### Data extracts
**********

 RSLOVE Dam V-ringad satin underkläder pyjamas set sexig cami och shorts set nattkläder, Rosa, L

**********

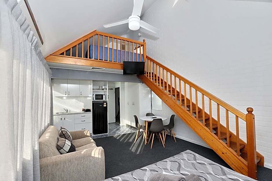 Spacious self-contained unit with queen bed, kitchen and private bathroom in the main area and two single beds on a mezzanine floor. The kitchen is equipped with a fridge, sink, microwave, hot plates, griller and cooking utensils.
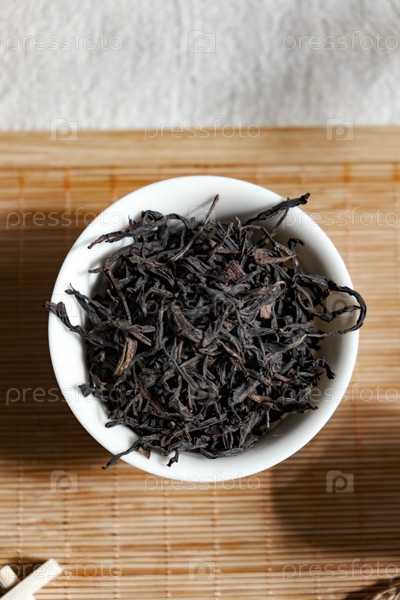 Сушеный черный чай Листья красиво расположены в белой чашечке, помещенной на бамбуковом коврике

**********

### Problem
Using the data above, retype exactly the lines from the line with "Spacious self-contained unit" to the line with "Сушеный черный чай", inclusive. No pictures and nothing else.

### Answer area
 Spacious self-contained unit with queen bed, kitchen and private bathroom in the main area and two single beds on a mezzanine floor. The kitchen is equipped with a fridge, sink, microwave, hot plates, griller and cooking utensils.
 Сушеный черный чай Листья красиво расположены в белой чашечке, помещенной на бамбуковом коврике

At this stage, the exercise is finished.